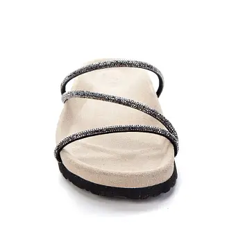 Женские сабо с тонкими текстильными ремешками надежно фиксируются на ногах и не соскальзывают благодаря изогнутой форме подошвы. Натуральная кожа, использованная в подкладке, делает обувь гигиеничной, пропускает воздух и отводит влагу от стоп.
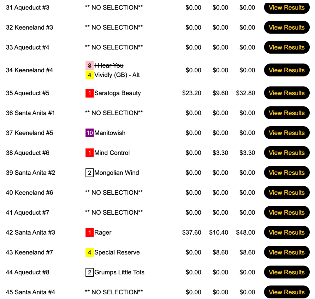 The Texan had come up with Saratoga Beauty ($23.20, $9.60) in race 5 at Aqueduct and Rager ($37.60, 10.40) in the 3rd at Santa Anita to vault himself all the way up to 12th in the standings.
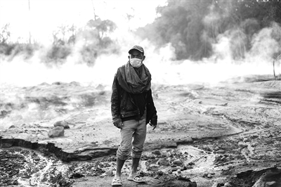 12月2日,在印度尼西亚东爪哇省卢马姜地区,一名面戴口罩的当地居民站在仍有余温的火山灰上。12月1日,位于印尼东爪哇的塞梅鲁火山喷发,随之而来的火山灰将火山附近卢马姜地区的多个村庄覆盖,当地部分居民撤离。 新华社发
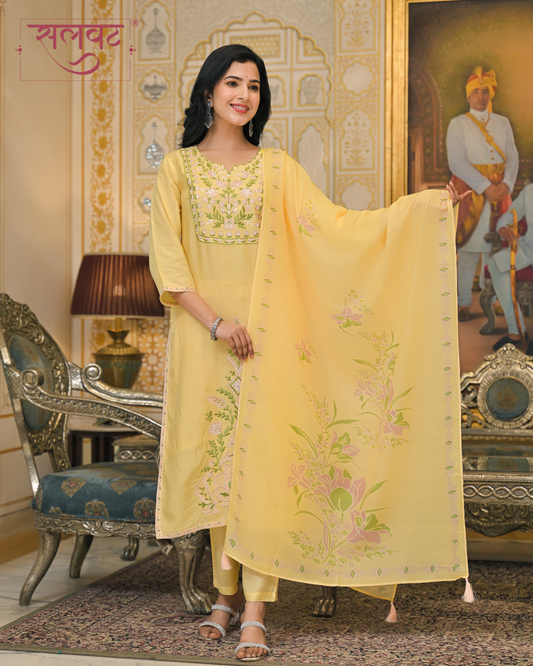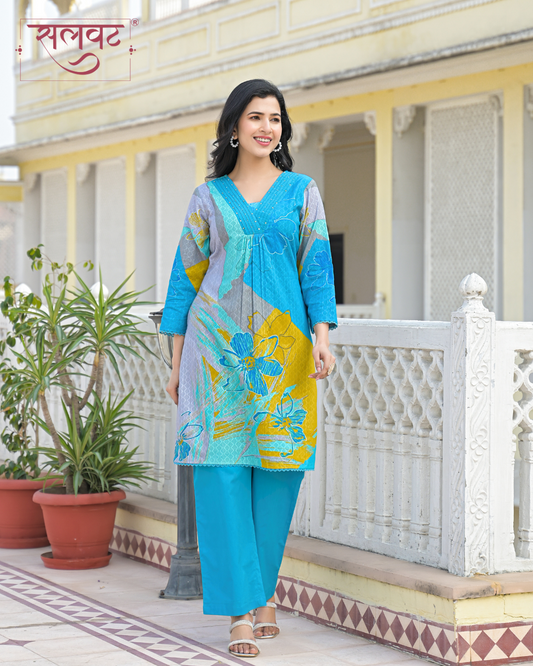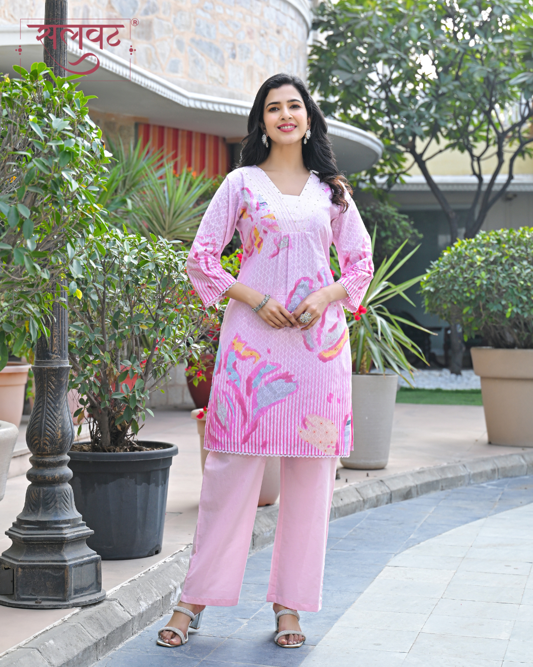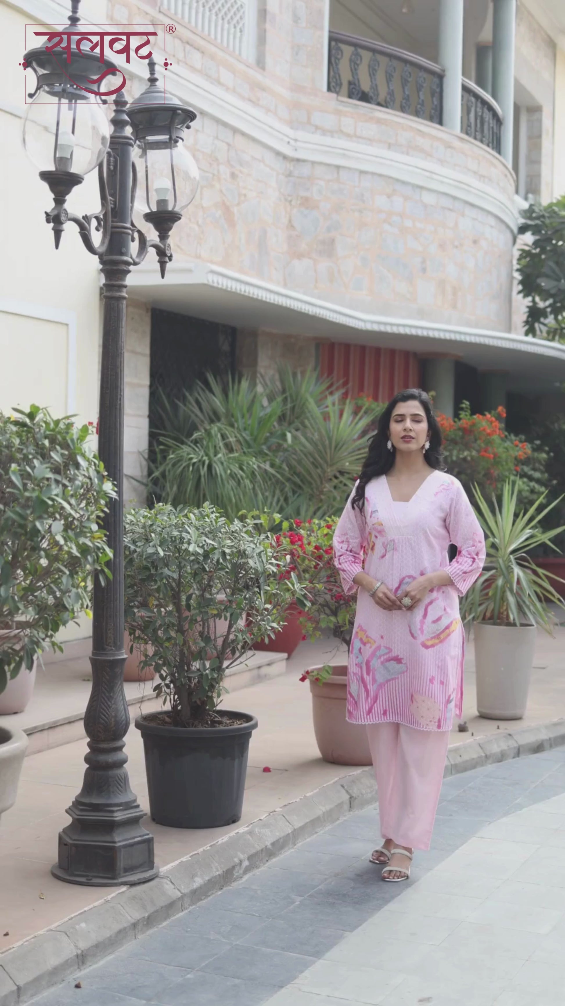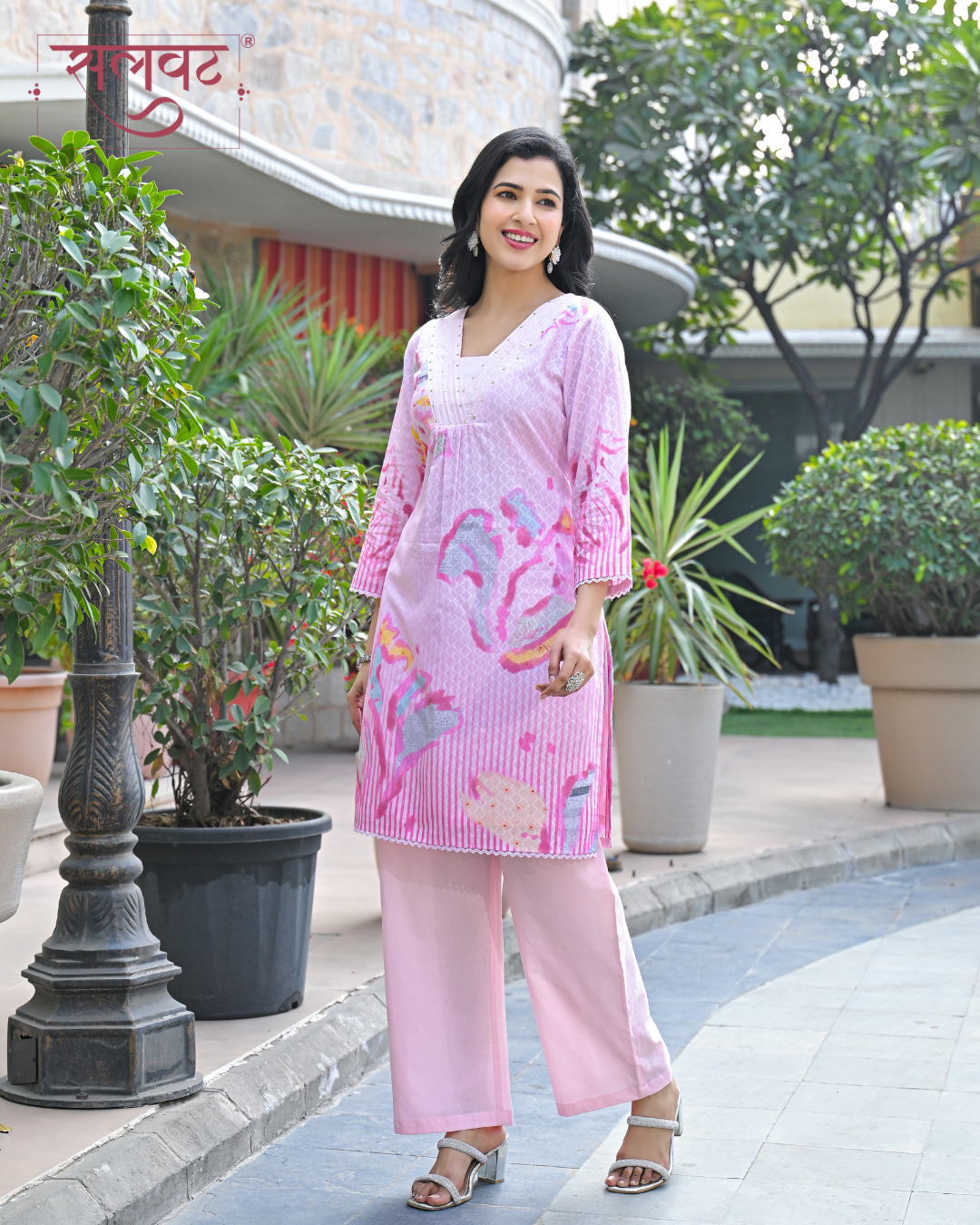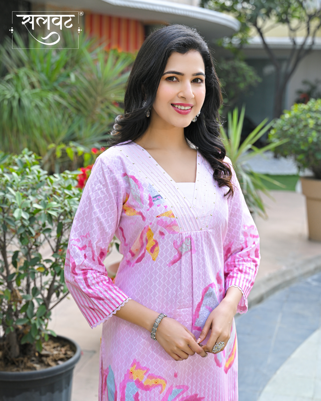 Powder Pink abstract flowers printed kurta set with pin tuck beads-sequins handwork .

What you should do: Output the material above exactly as written and drop any images it holds.

Answer box:
 Женские сабо с тонкими текстильными ремешками надежно фиксируются на ногах и не соскальзывают благодаря изогнутой форме подошвы. Натуральная кожа, использованная в подкладке, делает обувь гигиеничной, пропускает воздух и отводит влагу от стоп.
 The Texan had come up with Saratoga Beauty ($23.20, $9.60) in race 5 at Aqueduct and Rager ($37.60, 10.40) in the 3rd at Santa Anita to vault himself all the way up to 12th in the standings.
 12月2日,在印度尼西亚东爪哇省卢马姜地区,一名面戴口罩的当地居民站在仍有余温的火山灰上。12月1日,位于印尼东爪哇的塞梅鲁火山喷发,随之而来的火山灰将火山附近卢马姜地区的多个村庄覆盖,当地部分居民撤离。 新华社发
 Powder Pink abstract flowers printed kurta set with pin tuck beads-sequins handwork .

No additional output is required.